The reply should be the records repeated exactly, without any images.
[Exercise inputs]
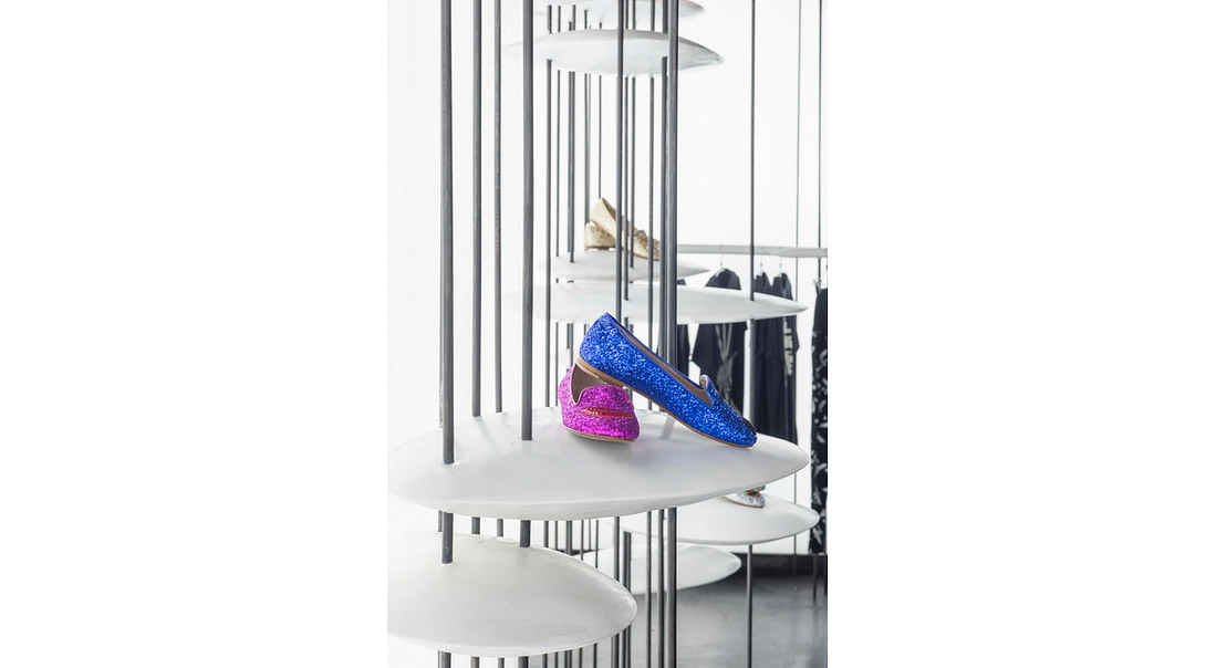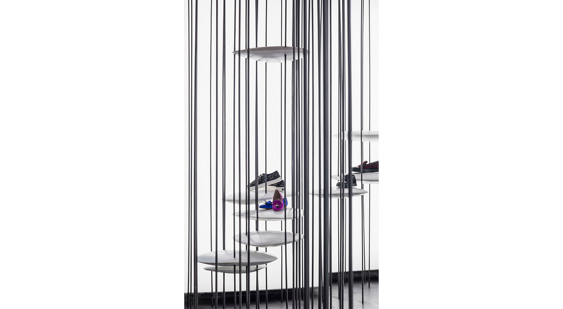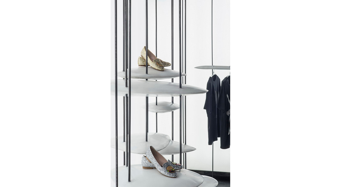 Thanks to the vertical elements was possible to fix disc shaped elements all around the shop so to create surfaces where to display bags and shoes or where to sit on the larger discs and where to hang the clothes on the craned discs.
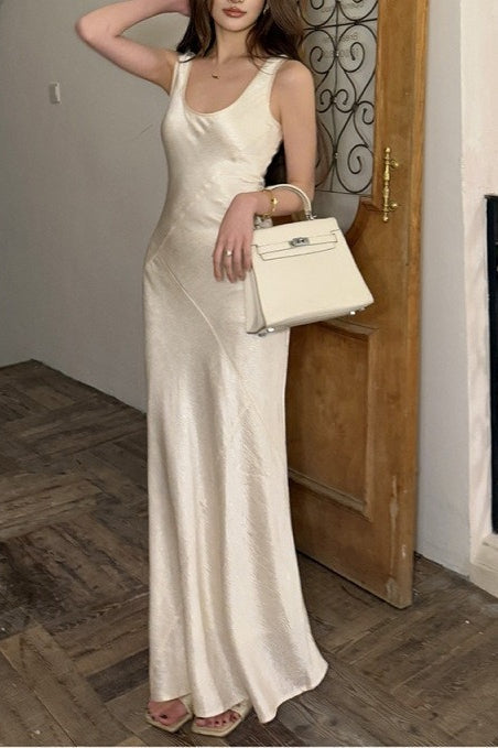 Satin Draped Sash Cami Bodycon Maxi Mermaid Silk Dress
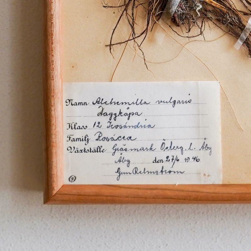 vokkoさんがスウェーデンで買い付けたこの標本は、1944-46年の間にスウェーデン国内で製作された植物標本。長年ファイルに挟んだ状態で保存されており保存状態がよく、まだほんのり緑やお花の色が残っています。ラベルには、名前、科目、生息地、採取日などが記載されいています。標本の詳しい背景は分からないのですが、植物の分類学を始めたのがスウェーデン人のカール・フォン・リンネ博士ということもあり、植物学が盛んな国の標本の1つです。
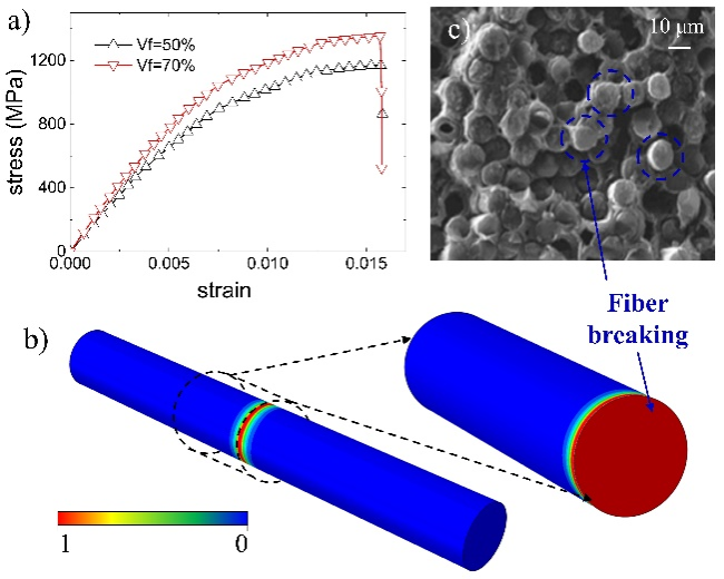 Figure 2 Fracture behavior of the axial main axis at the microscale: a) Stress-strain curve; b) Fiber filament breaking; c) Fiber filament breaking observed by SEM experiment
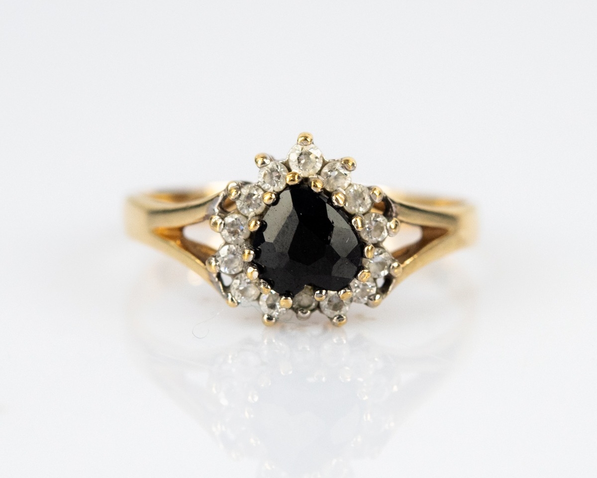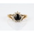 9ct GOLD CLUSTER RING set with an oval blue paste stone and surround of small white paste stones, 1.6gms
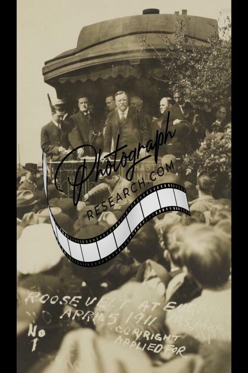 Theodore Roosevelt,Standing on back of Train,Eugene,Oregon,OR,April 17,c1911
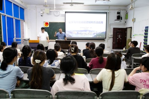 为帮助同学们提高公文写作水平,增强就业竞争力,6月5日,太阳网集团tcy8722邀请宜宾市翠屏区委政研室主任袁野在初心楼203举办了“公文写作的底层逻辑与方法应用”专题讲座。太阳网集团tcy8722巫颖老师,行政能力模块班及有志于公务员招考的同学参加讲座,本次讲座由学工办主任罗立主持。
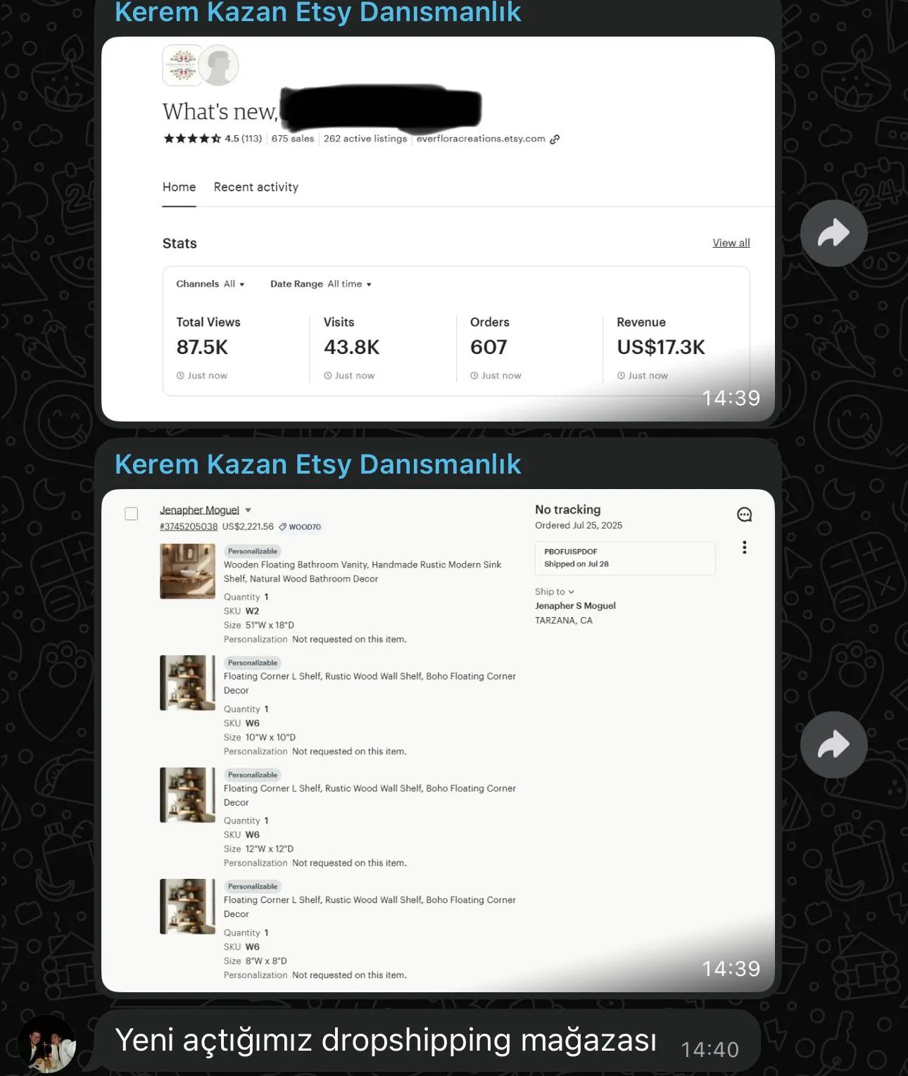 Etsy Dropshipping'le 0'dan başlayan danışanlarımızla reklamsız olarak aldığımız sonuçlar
[/Exercise inputs]
Exercise response:
 Thanks to the vertical elements was possible to fix disc shaped elements all around the shop so to create surfaces where to display bags and shoes or where to sit on the larger discs and where to hang the clothes on the craned discs.
 Satin Draped Sash Cami Bodycon Maxi Mermaid Silk Dress
 vokkoさんがスウェーデンで買い付けたこの標本は、1944-46年の間にスウェーデン国内で製作された植物標本。長年ファイルに挟んだ状態で保存されており保存状態がよく、まだほんのり緑やお花の色が残っています。ラベルには、名前、科目、生息地、採取日などが記載されいています。標本の詳しい背景は分からないのですが、植物の分類学を始めたのがスウェーデン人のカール・フォン・リンネ博士ということもあり、植物学が盛んな国の標本の1つです。
 Figure 2 Fracture behavior of the axial main axis at the microscale: a) Stress-strain curve; b) Fiber filament breaking; c) Fiber filament breaking observed by SEM experiment
 9ct GOLD CLUSTER RING set with an oval blue paste stone and surround of small white paste stones, 1.6gms
 Theodore Roosevelt,Standing on back of Train,Eugene,Oregon,OR,April 17,c1911
 为帮助同学们提高公文写作水平,增强就业竞争力,6月5日,太阳网集团tcy8722邀请宜宾市翠屏区委政研室主任袁野在初心楼203举办了“公文写作的底层逻辑与方法应用”专题讲座。太阳网集团tcy8722巫颖老师,行政能力模块班及有志于公务员招考的同学参加讲座,本次讲座由学工办主任罗立主持。
 Etsy Dropshipping'le 0'dan başlayan danışanlarımızla reklamsız olarak aldığımız sonuçlar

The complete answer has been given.